Configure and build in a single step

You can use a single command to configure (set up your target and toolchain) and build the project at once:

mbed-tools compile -m <target> -t <toolchain>
  • -t: The toolchain you are using to build your project.
  • -m: A build target for an Mbed-enabled device.

Example for FRDM-K64F and GCC:

mbed-tools compile -m K64F -t GCC_ARM

Building for multiple targets

You can build an Mbed project for multiple targets, with different profiles and toolchains, without affecting other builds.
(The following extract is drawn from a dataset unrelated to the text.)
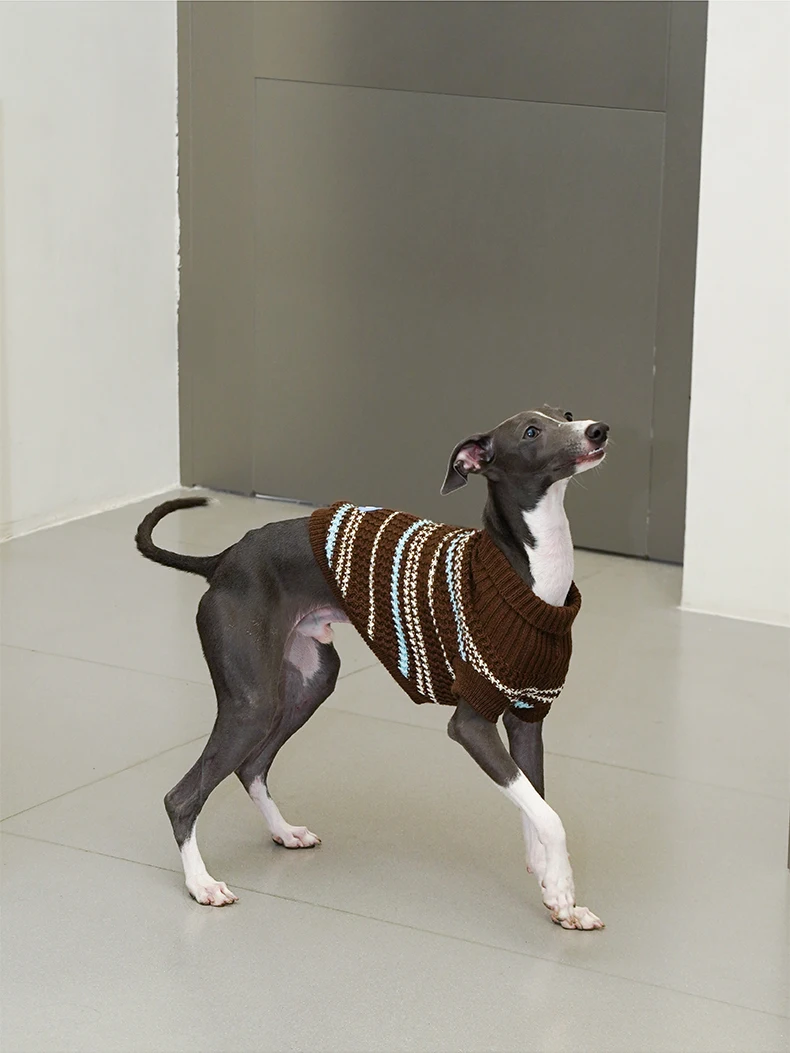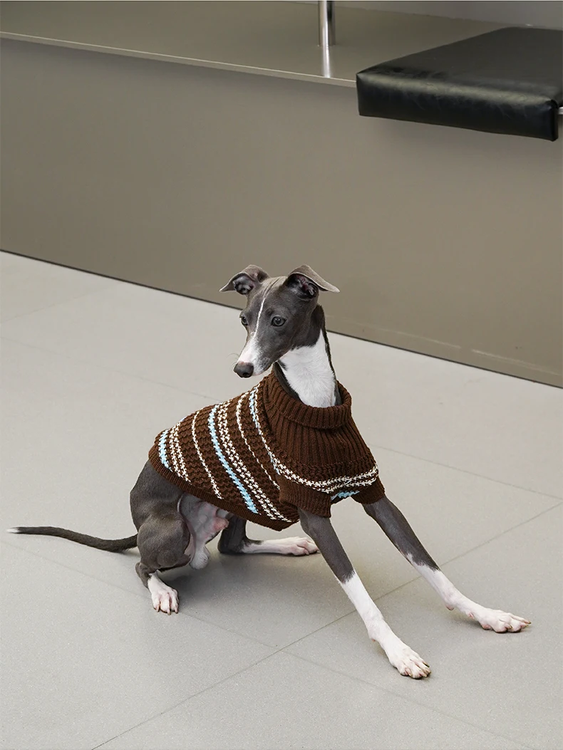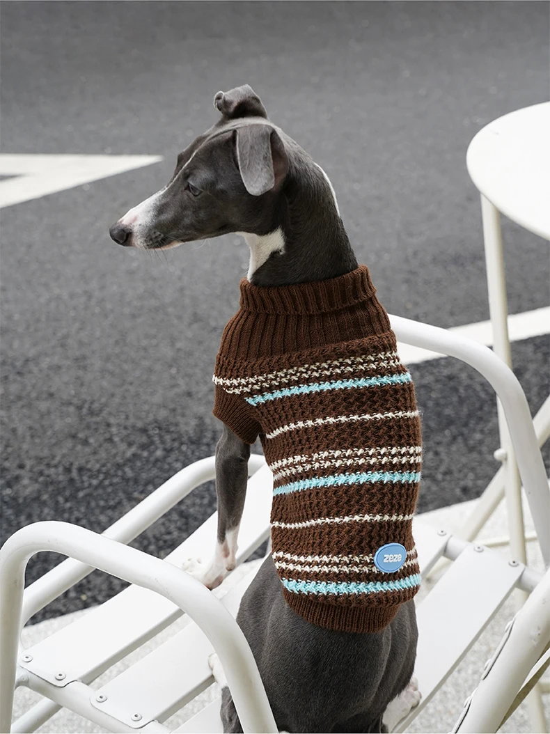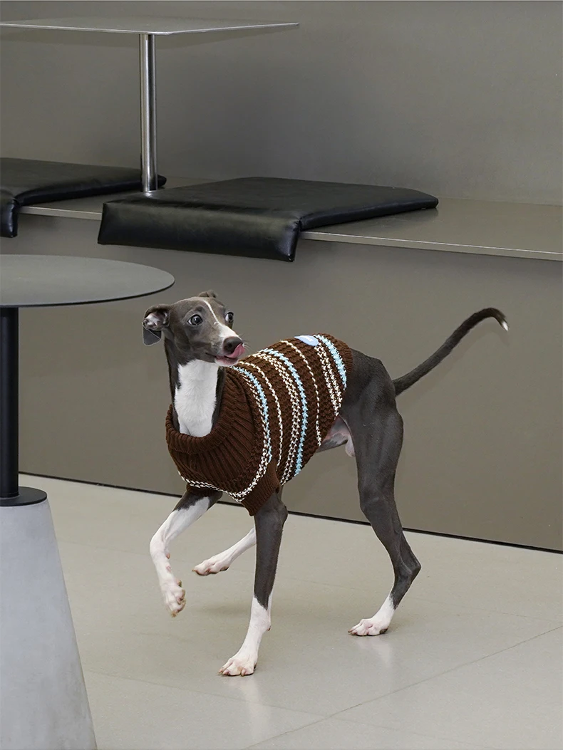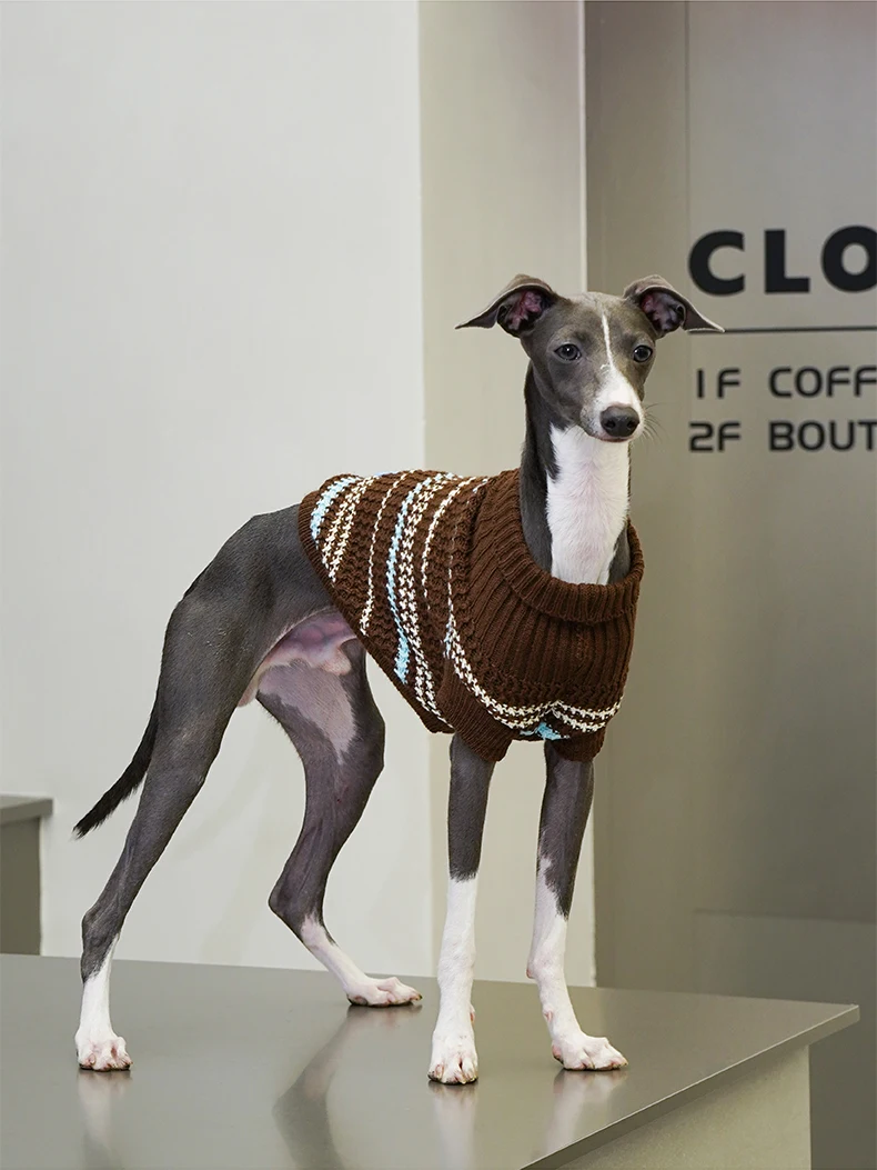 Suéter tejido a mano para gris italiano en otoño, abrigo de rayas suaves para pequeños Whippet, ropa de descanso cálida de café oscuro para perros
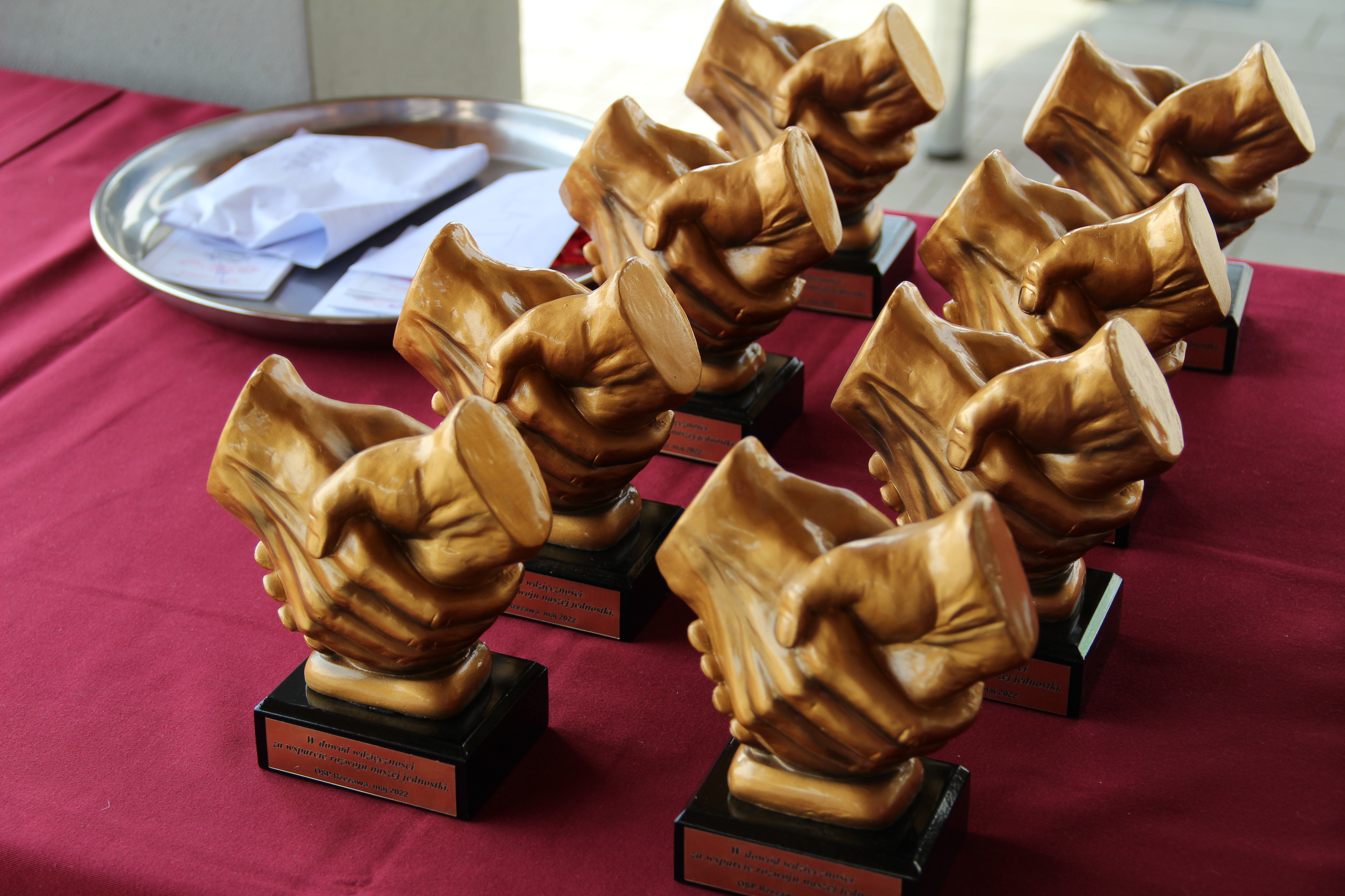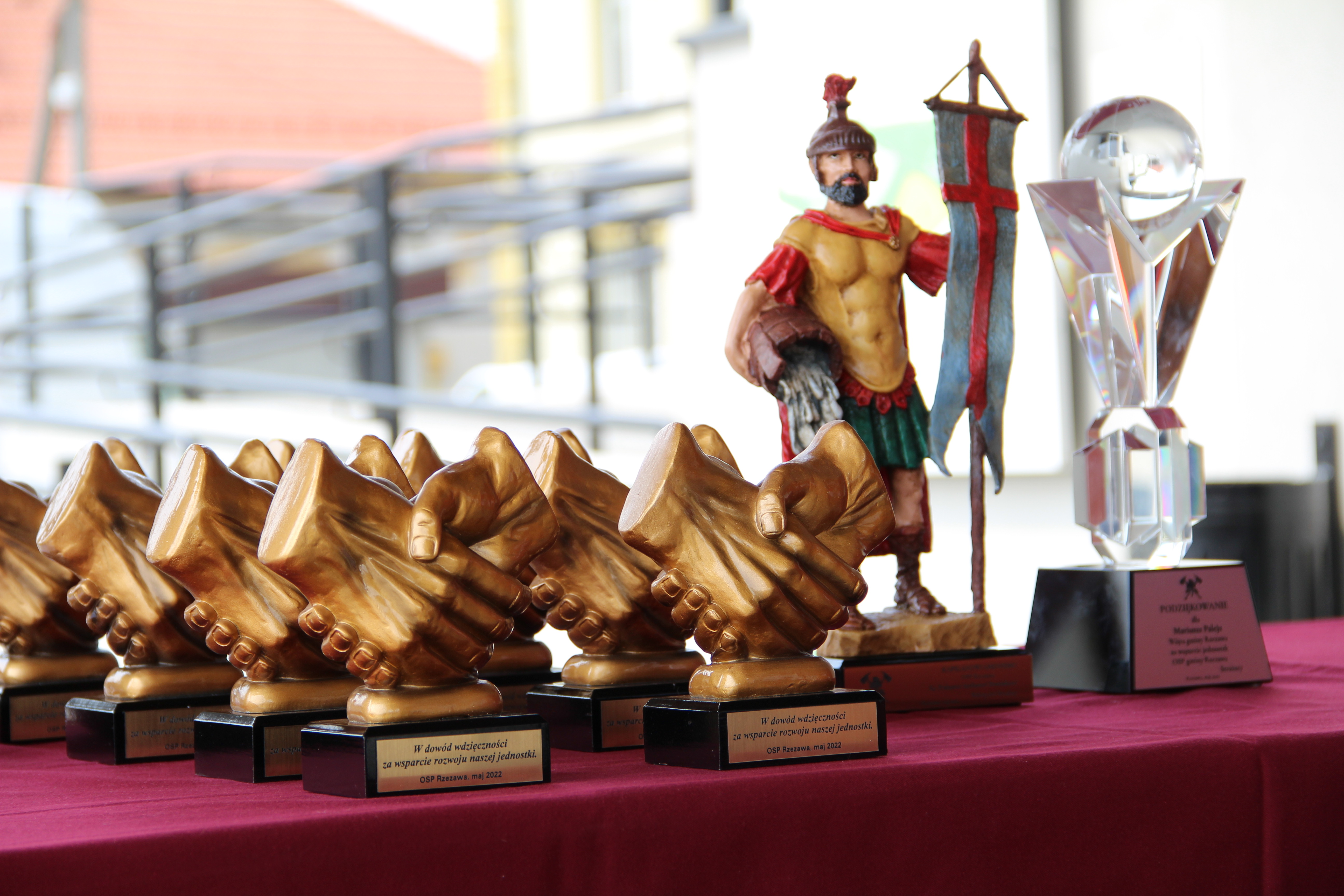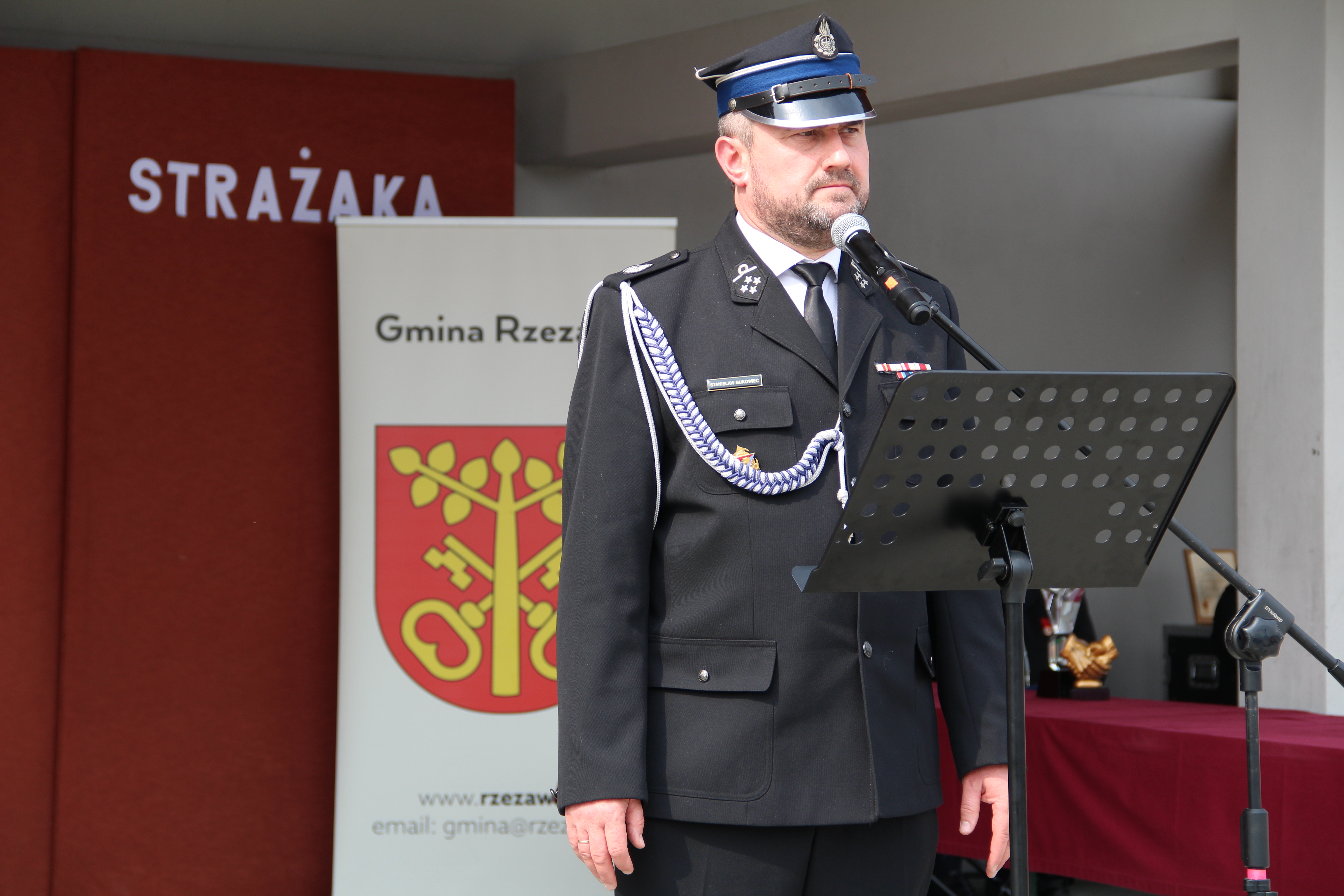 Wójt Mariusz Palej podziękował również wszystkim jednostkom OSP z terenu gminy Rzezawa, wręczając ich przedstawicielom pamiątkowe trofea.

The compile subcommand will create and build into a different subdirectory for each combination:


Iterative builds on configured projects

If you have already made a build for the Mbed target and toolchain that you're using, compile will perform an iterative build.

To force a rebuild of the project for a target and toolchain, include the --clean argument:

mbed-tools compile -m <target> -t <toolchain> --clean

Flashing the built program

You can flash the built program to the connected target by adding the -f/--flash argument to the compile command:

mbed-tools compile -m <target> -t <toolchain> -f

Opening a serial terminal

You can open a serial terminal to the connected target by adding the --sterm argument to the compile command:

mbed-tools compile -m K64F -t GCC_ARM --sterm --baudrate 9600

When the terminal is running you can enter CTRL+H to show the help menu.


To specify the log level, use the verbose logging option (-v) before the first argument:

  • If you don't use -v, the log will show only errors.
  • -v: Warning and errors.
  • -vv: Information, warning and errors.
  • -vvv: Debug, information, warning and errors.